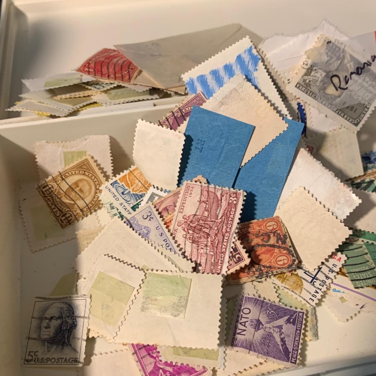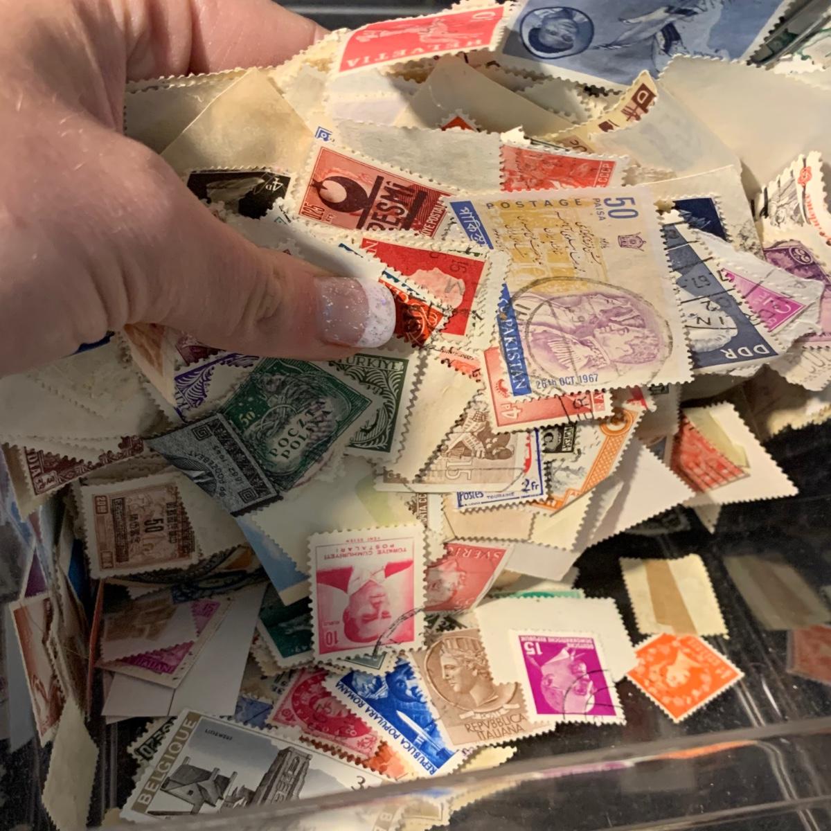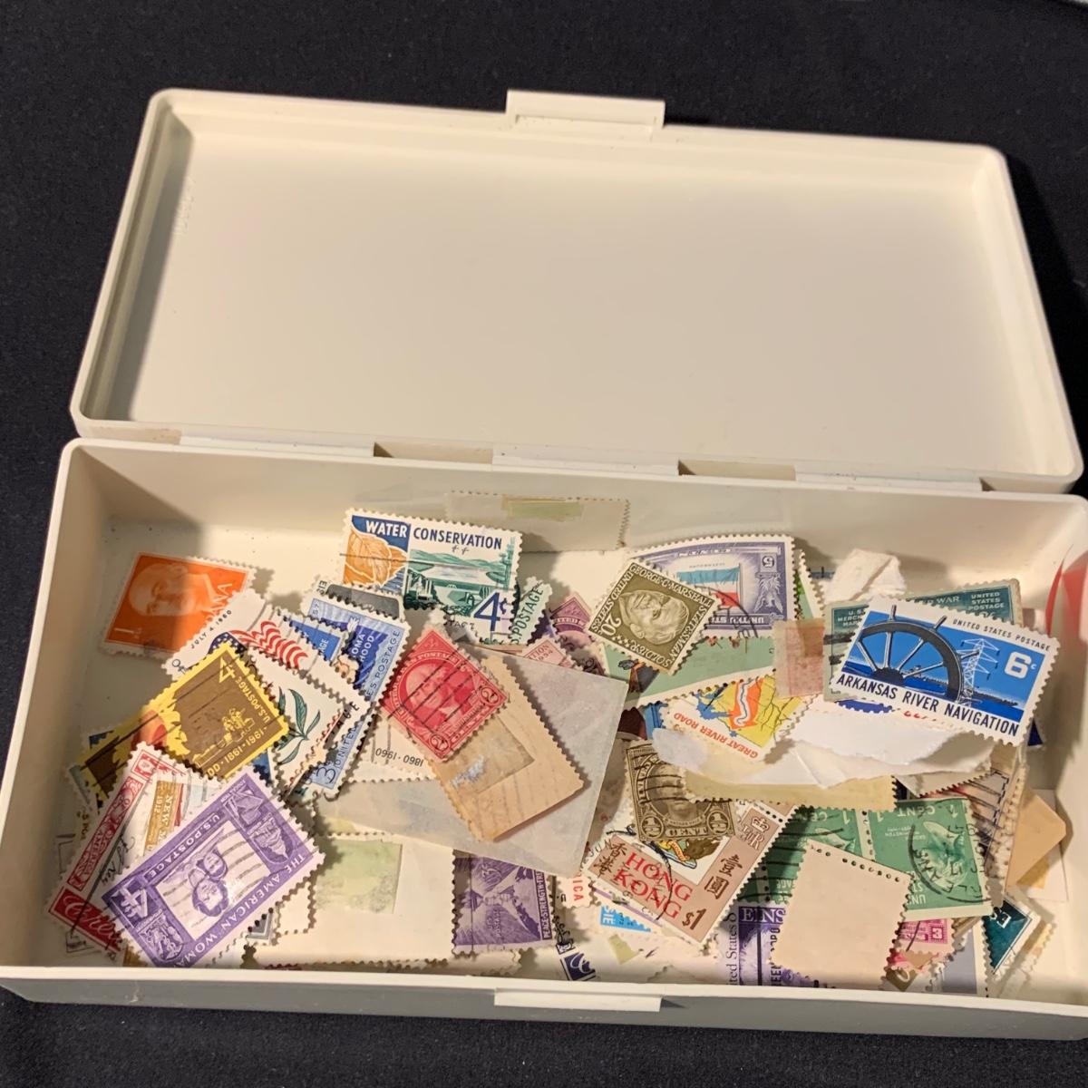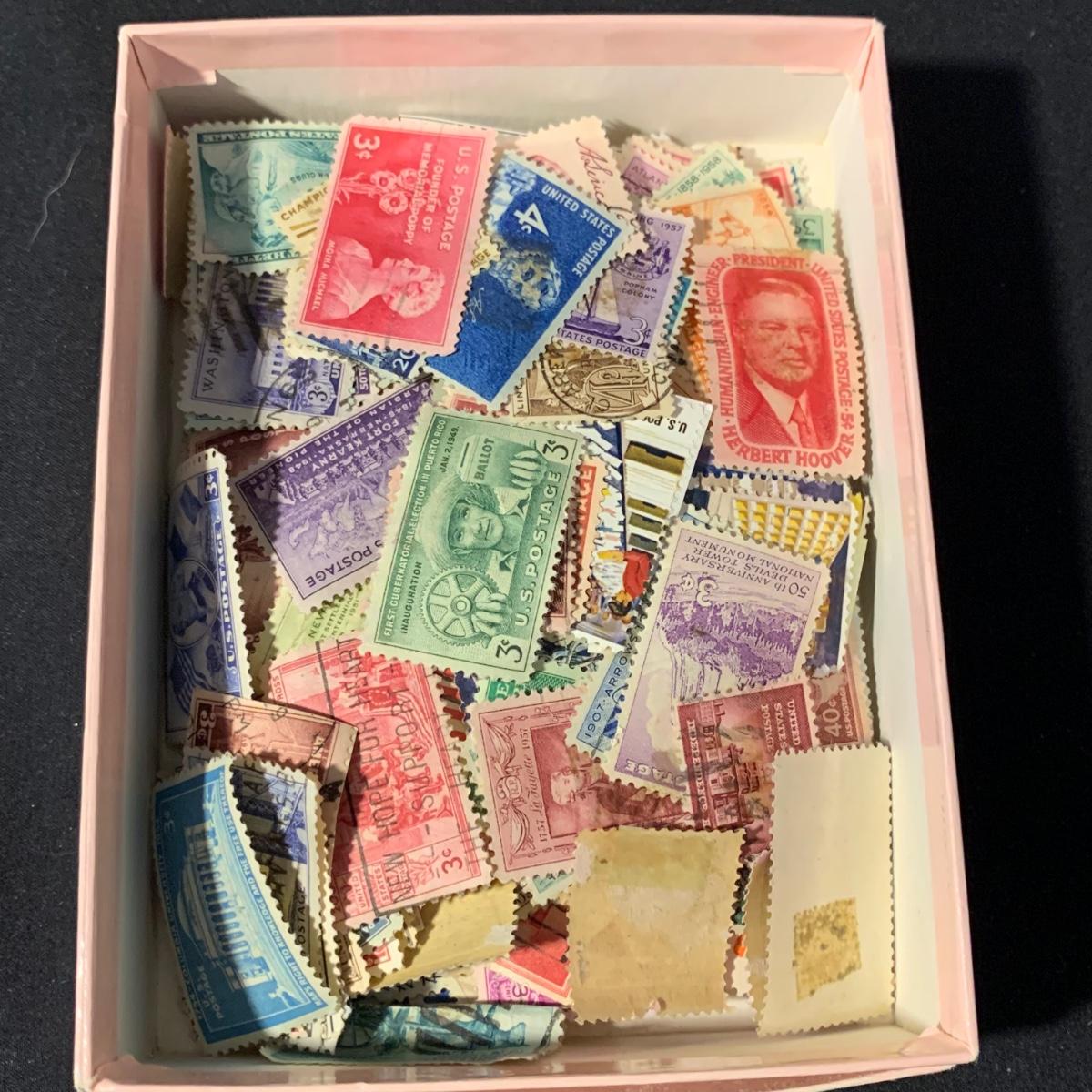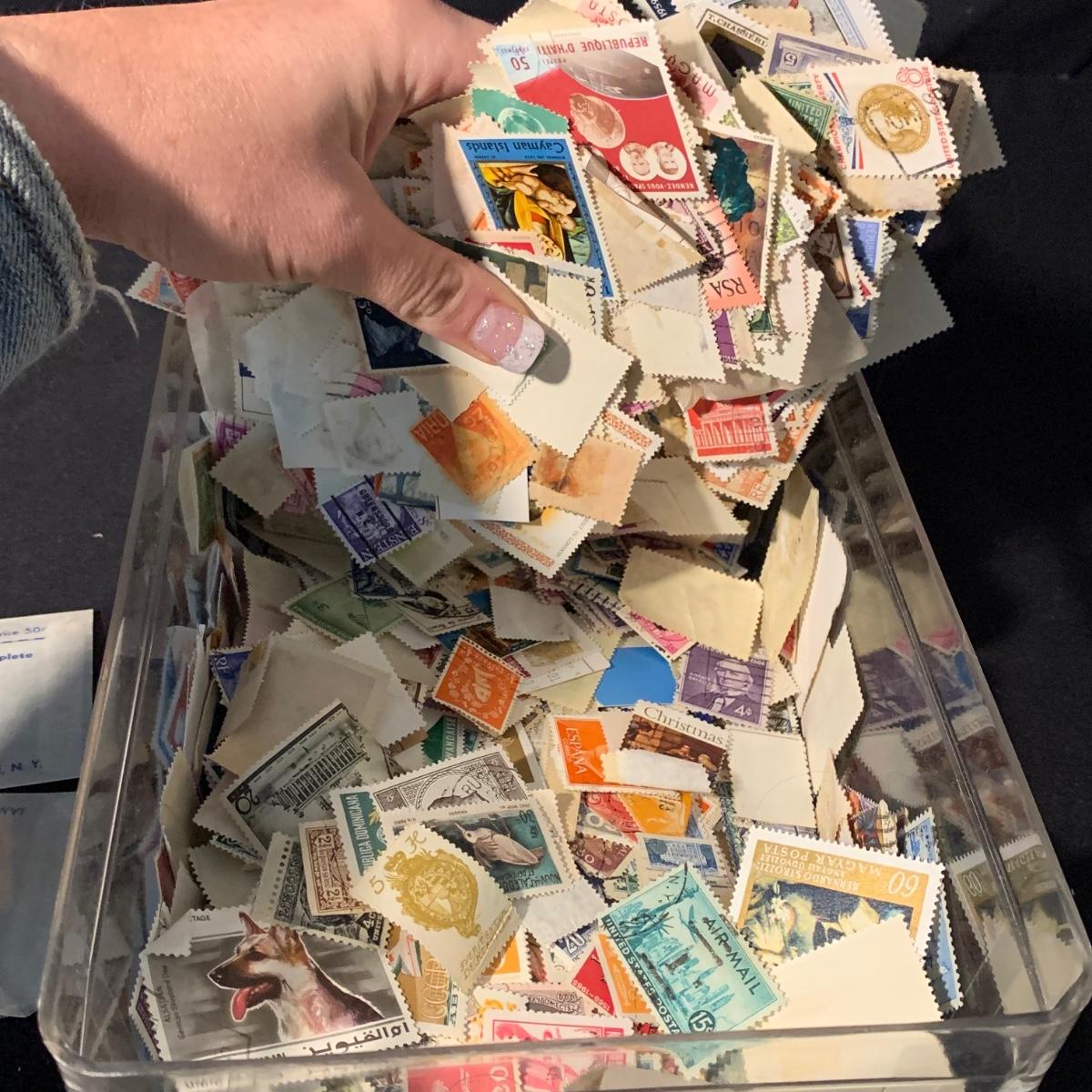 A collection of hundreds (if not thousands!) of loose stamps, as well as a packet of 1,000 prefolded stamp hinges and a box of 50 glassine collectors envelopes. Please see photos for an idea of the stamps included in this collection.
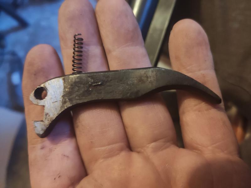 En cuanto vea que puedo pongo alguna que le hice antes de desmontarla ,ya estoy a ello y resulta que tampoco tiene el muelle. Se que estará con el gatillo guardado en quién sabe donde, cuarenta anos +- son muchos para algunas cosas. Ahora tb. tengo que averiguar cual le sirve y comprarlo mientras la vuelvo a poner a punto. Todo se andará. Si alguien lo sabe quedo en espera.
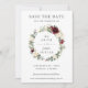 Esta elegante tarjeta de guardar la fecha de boda cuenta con una hermosa corona floral de acuarela en marfil y borgoña. Diseñada para coincidir con nuestra colección de bodas Rustic Burgundy. Personalice los detalles de manera fácil y rápida, simplemente presione el botón personalizar para reorganizar y dar formato al estilo y la ubicación del texto. (c) The Happy Cat Studio
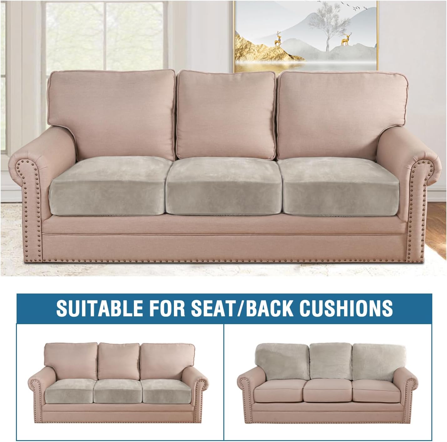 H.VERSAILTEX Velvet Stretch Couch Cushion Cover Plush Cushion Slipcover for Chair Loveseat Sofa Cushion Furniture Protector Seat Cushion Sofa Cover (3 Piece XL Sofa Cushion Covers, Oatmeal)
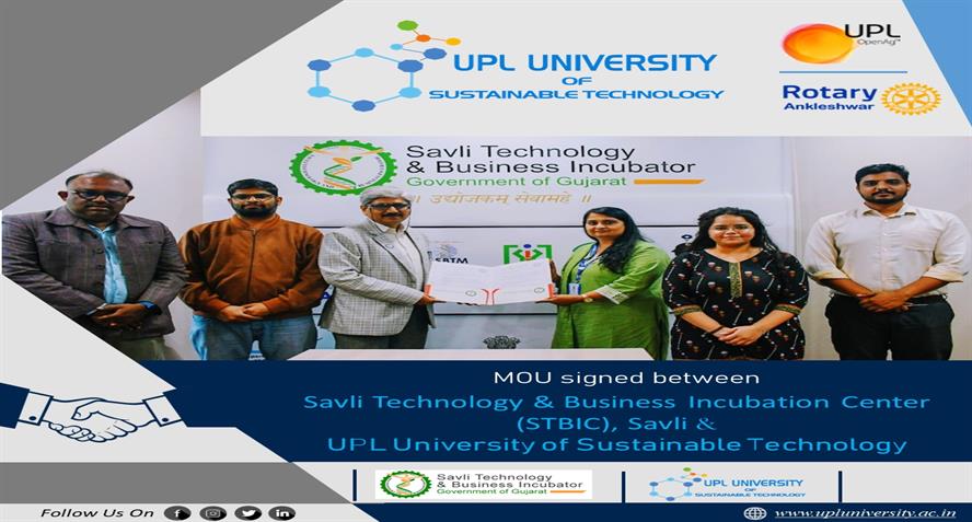 UPL University of Sustainable Technology proudly signed a Memorandum of Understanding (MoU) with the Savli Technology & Business Incubation Center (STBIC), Savli on 03 January 2026.
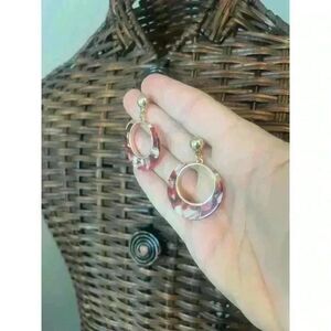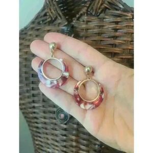 Red pink Marbled Pattern Hoop Earrings With Gold Ball Accent
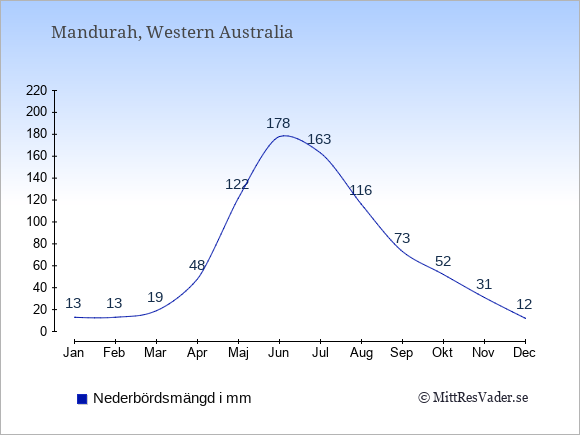 På denna sida kan du få en överblick över de statistiska klimatuppgifterna för Mandurah månad för månad jämfört med klimatet i Stockholm. Information om det historiska klimatet kan du använda för att planera din semester och hitta den bästa tiden att resa till Mandurah på.
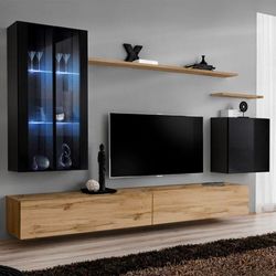 Meuble TV Mural Design Switch XII 270cm Noir & Naturel
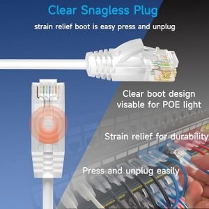 Clear Snagless Plug: Network patch cables are made of clear tap Snagless plug with strain relief boot for maximum durability. Cat6 patch cords with snagless plug is easy press and unplug. Clear boot of slim cat6 patch cable allows to see the light of the POE ports easily.
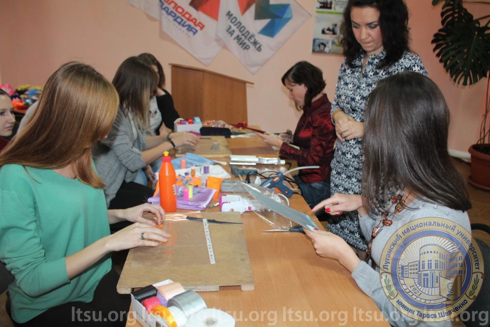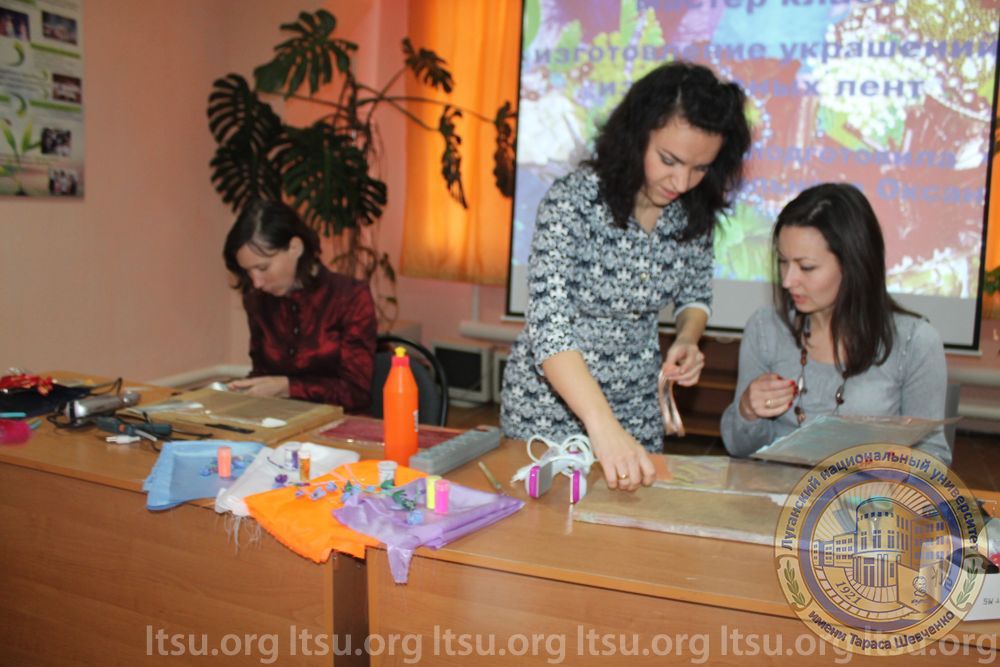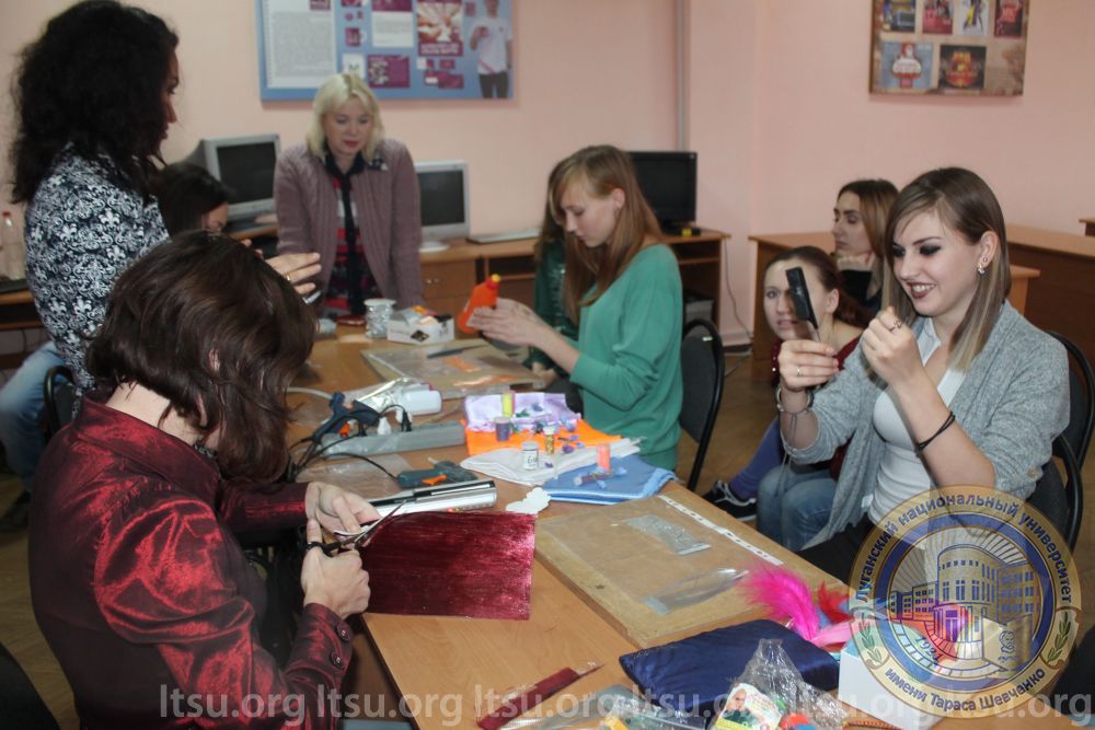 В Брянковском колледже ЛНУ имени Тараса Шевченко 20 ноября в рамках Дней искусства состоялся мастер-класс на тему «Изготовление украшений из атласных лент», который подготовила и провела студентка 4 курса специальности «Парикмахерское искусство» Оксана Сильнова.Оксана Сильнова в течение нескольких лет занимается изготовлением декоративных украшений из различных материалов. Знания, полученные в колледже при изучении предмета «Постиж», помогли ей создать новую технику обработки атласных лент, носящую название «Проклеенная лента». Сегодня весьма ценятся вещи, изготовленные своими руками. Такие украшения эксклюзивны, самобытны и способны наилучшим образом подчеркнуть ваш индивидуальный стиль.

^^^^^^^^

### What is needed
Output all the entries exactly, minus any pictures.

### Task output
 A collection of hundreds (if not thousands!) of loose stamps, as well as a packet of 1,000 prefolded stamp hinges and a box of 50 glassine collectors envelopes. Please see photos for an idea of the stamps included in this collection.
 En cuanto vea que puedo pongo alguna que le hice antes de desmontarla ,ya estoy a ello y resulta que tampoco tiene el muelle. Se que estará con el gatillo guardado en quién sabe donde, cuarenta anos +- son muchos para algunas cosas. Ahora tb. tengo que averiguar cual le sirve y comprarlo mientras la vuelvo a poner a punto. Todo se andará. Si alguien lo sabe quedo en espera.
 Esta elegante tarjeta de guardar la fecha de boda cuenta con una hermosa corona floral de acuarela en marfil y borgoña. Diseñada para coincidir con nuestra colección de bodas Rustic Burgundy. Personalice los detalles de manera fácil y rápida, simplemente presione el botón personalizar para reorganizar y dar formato al estilo y la ubicación del texto. (c) The Happy Cat Studio
 H.VERSAILTEX Velvet Stretch Couch Cushion Cover Plush Cushion Slipcover for Chair Loveseat Sofa Cushion Furniture Protector Seat Cushion Sofa Cover (3 Piece XL Sofa Cushion Covers, Oatmeal)
 UPL University of Sustainable Technology proudly signed a Memorandum of Understanding (MoU) with the Savli Technology & Business Incubation Center (STBIC), Savli on 03 January 2026.
 Red pink Marbled Pattern Hoop Earrings With Gold Ball Accent
 På denna sida kan du få en överblick över de statistiska klimatuppgifterna för Mandurah månad för månad jämfört med klimatet i Stockholm. Information om det historiska klimatet kan du använda för att planera din semester och hitta den bästa tiden att resa till Mandurah på.
 Meuble TV Mural Design Switch XII 270cm Noir & Naturel
 Clear Snagless Plug: Network patch cables are made of clear tap Snagless plug with strain relief boot for maximum durability. Cat6 patch cords with snagless plug is easy press and unplug. Clear boot of slim cat6 patch cable allows to see the light of the POE ports easily.
 В Брянковском колледже ЛНУ имени Тараса Шевченко 20 ноября в рамках Дней искусства состоялся мастер-класс на тему «Изготовление украшений из атласных лент», который подготовила и провела студентка 4 курса специальности «Парикмахерское искусство» Оксана Сильнова.Оксана Сильнова в течение нескольких лет занимается изготовлением декоративных украшений из различных материалов. Знания, полученные в колледже при изучении предмета «Постиж», помогли ей создать новую технику обработки атласных лент, носящую название «Проклеенная лента». Сегодня весьма ценятся вещи, изготовленные своими руками. Такие украшения эксклюзивны, самобытны и способны наилучшим образом подчеркнуть ваш индивидуальный стиль.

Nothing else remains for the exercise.